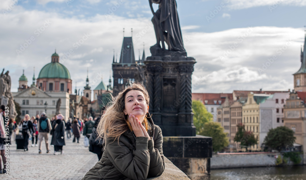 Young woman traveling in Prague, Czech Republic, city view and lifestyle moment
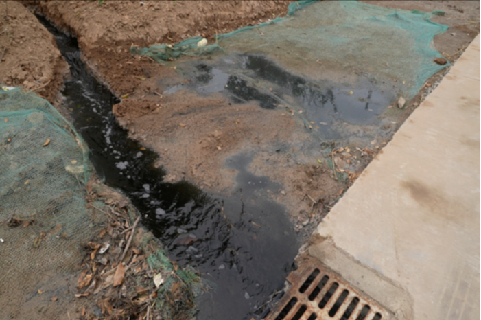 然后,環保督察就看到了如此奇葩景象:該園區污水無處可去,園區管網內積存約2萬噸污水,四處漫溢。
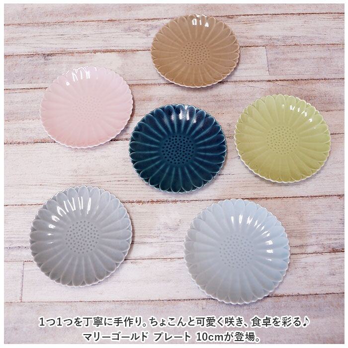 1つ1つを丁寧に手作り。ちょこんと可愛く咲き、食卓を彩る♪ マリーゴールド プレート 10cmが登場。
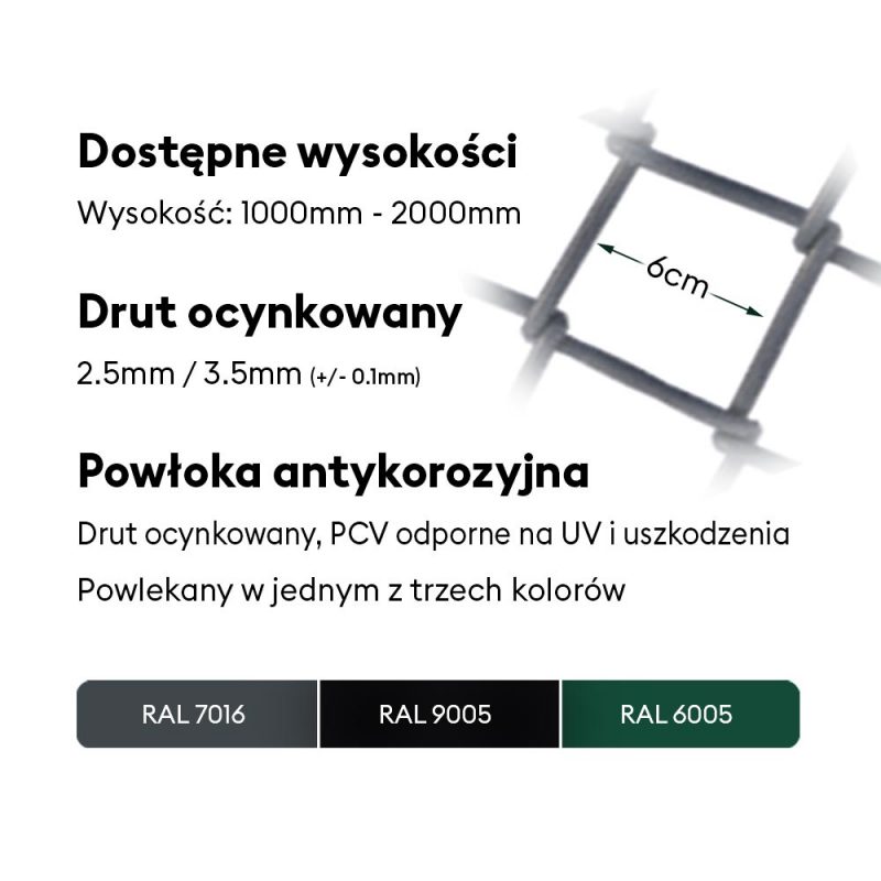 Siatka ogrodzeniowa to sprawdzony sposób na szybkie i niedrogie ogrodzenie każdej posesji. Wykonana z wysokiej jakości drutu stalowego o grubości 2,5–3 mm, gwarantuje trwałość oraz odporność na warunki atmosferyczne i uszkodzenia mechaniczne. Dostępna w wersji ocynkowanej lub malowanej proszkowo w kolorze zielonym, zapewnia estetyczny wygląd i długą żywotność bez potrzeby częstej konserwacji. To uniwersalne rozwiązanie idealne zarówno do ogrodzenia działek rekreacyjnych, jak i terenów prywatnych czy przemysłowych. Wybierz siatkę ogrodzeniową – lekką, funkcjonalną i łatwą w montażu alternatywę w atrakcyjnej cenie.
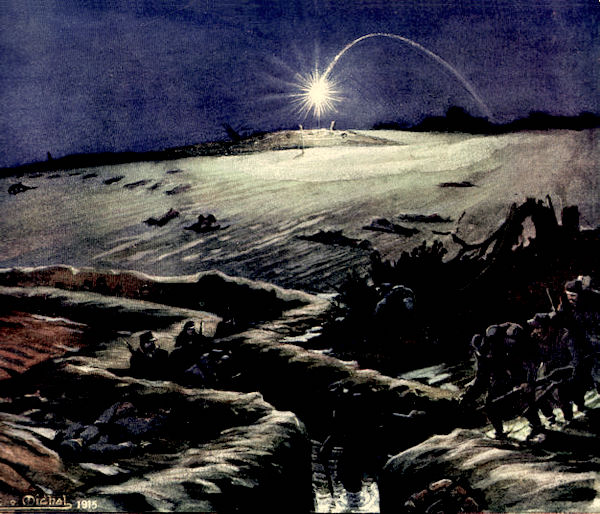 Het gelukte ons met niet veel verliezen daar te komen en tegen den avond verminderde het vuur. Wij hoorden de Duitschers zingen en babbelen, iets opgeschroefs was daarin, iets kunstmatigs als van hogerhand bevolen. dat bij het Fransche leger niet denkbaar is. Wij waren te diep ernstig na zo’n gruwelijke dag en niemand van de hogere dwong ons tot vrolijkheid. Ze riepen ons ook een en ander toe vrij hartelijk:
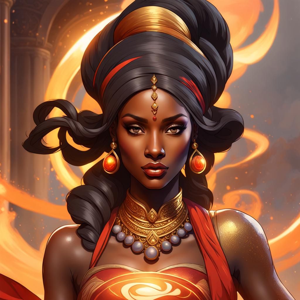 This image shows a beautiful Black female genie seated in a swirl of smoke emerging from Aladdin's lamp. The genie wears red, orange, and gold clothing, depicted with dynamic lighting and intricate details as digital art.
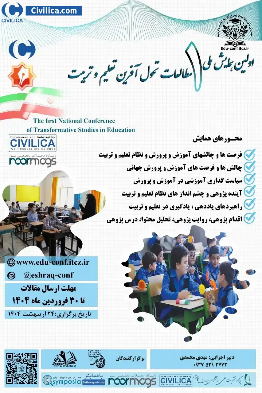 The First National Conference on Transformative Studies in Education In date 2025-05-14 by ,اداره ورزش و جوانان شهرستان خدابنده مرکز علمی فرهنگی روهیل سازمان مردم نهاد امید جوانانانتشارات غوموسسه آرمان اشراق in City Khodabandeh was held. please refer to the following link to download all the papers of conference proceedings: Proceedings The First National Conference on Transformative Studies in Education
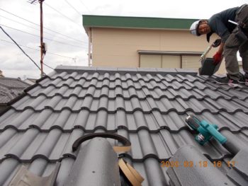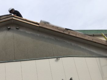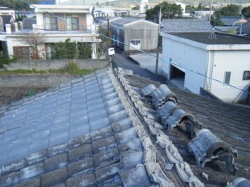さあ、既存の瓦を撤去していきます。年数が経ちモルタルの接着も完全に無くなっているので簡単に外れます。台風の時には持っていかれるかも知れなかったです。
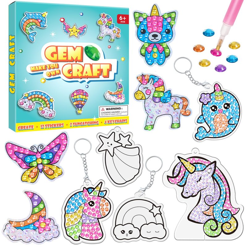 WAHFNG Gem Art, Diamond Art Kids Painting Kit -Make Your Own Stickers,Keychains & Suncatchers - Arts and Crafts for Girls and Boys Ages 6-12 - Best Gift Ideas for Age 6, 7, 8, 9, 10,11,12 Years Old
= = = = = = =
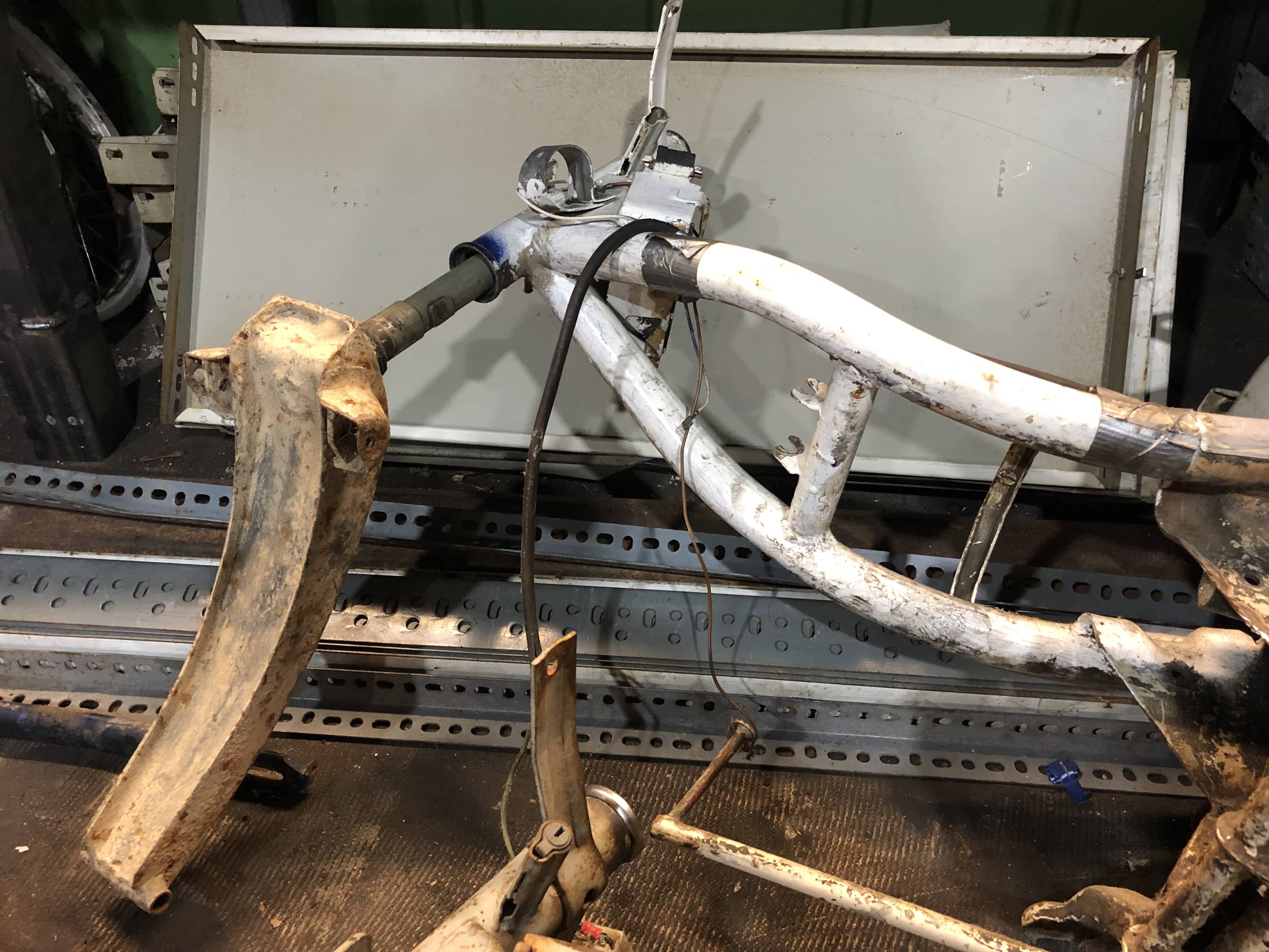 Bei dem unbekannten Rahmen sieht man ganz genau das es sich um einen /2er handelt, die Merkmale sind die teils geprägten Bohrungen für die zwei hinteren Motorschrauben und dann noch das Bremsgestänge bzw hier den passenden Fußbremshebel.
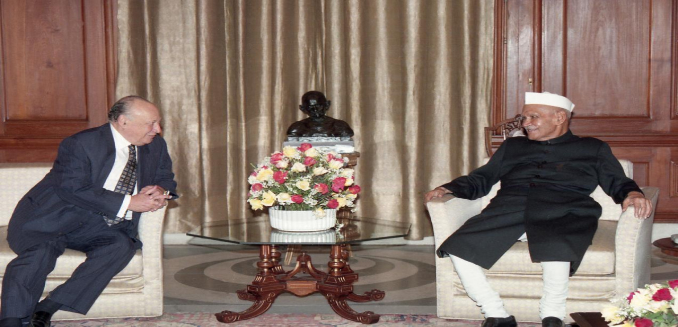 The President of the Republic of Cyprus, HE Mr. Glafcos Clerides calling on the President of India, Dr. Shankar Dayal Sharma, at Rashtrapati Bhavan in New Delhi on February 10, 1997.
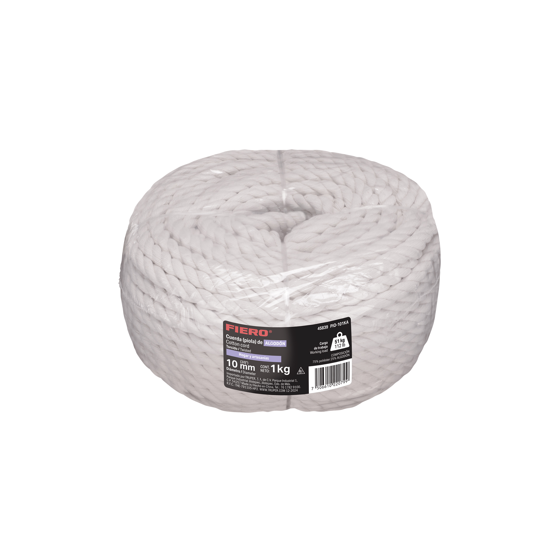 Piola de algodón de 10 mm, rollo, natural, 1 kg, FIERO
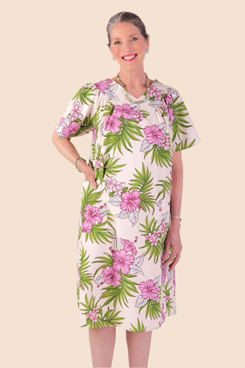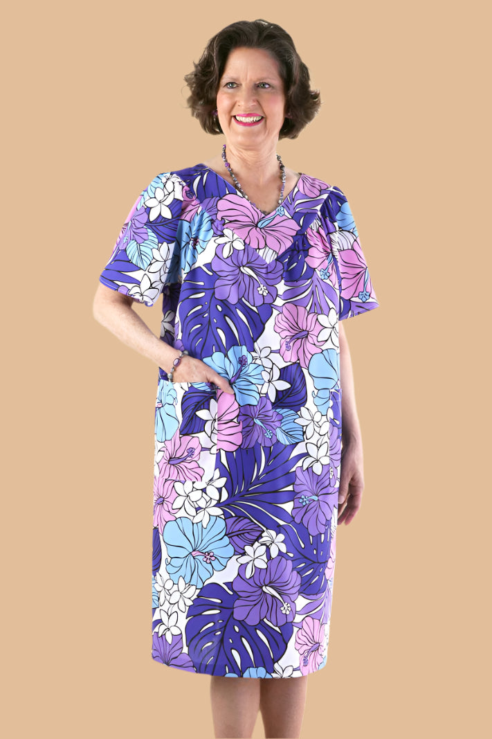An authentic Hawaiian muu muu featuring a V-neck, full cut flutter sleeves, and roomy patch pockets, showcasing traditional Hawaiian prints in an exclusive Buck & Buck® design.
= = = = = = =
What this task involves: From the records above, copy exactly the lines starting at the one with "Young woman traveling" and ending at the one with "This image shows", and no others. Pictures stay out.

Exercise response:
 Young woman traveling in Prague, Czech Republic, city view and lifestyle moment
 然后,環保督察就看到了如此奇葩景象:該園區污水無處可去,園區管網內積存約2萬噸污水,四處漫溢。
 1つ1つを丁寧に手作り。ちょこんと可愛く咲き、食卓を彩る♪ マリーゴールド プレート 10cmが登場。
 Siatka ogrodzeniowa to sprawdzony sposób na szybkie i niedrogie ogrodzenie każdej posesji. Wykonana z wysokiej jakości drutu stalowego o grubości 2,5–3 mm, gwarantuje trwałość oraz odporność na warunki atmosferyczne i uszkodzenia mechaniczne. Dostępna w wersji ocynkowanej lub malowanej proszkowo w kolorze zielonym, zapewnia estetyczny wygląd i długą żywotność bez potrzeby częstej konserwacji. To uniwersalne rozwiązanie idealne zarówno do ogrodzenia działek rekreacyjnych, jak i terenów prywatnych czy przemysłowych. Wybierz siatkę ogrodzeniową – lekką, funkcjonalną i łatwą w montażu alternatywę w atrakcyjnej cenie.
 Het gelukte ons met niet veel verliezen daar te komen en tegen den avond verminderde het vuur. Wij hoorden de Duitschers zingen en babbelen, iets opgeschroefs was daarin, iets kunstmatigs als van hogerhand bevolen. dat bij het Fransche leger niet denkbaar is. Wij waren te diep ernstig na zo’n gruwelijke dag en niemand van de hogere dwong ons tot vrolijkheid. Ze riepen ons ook een en ander toe vrij hartelijk:
 This image shows a beautiful Black female genie seated in a swirl of smoke emerging from Aladdin's lamp. The genie wears red, orange, and gold clothing, depicted with dynamic lighting and intricate details as digital art.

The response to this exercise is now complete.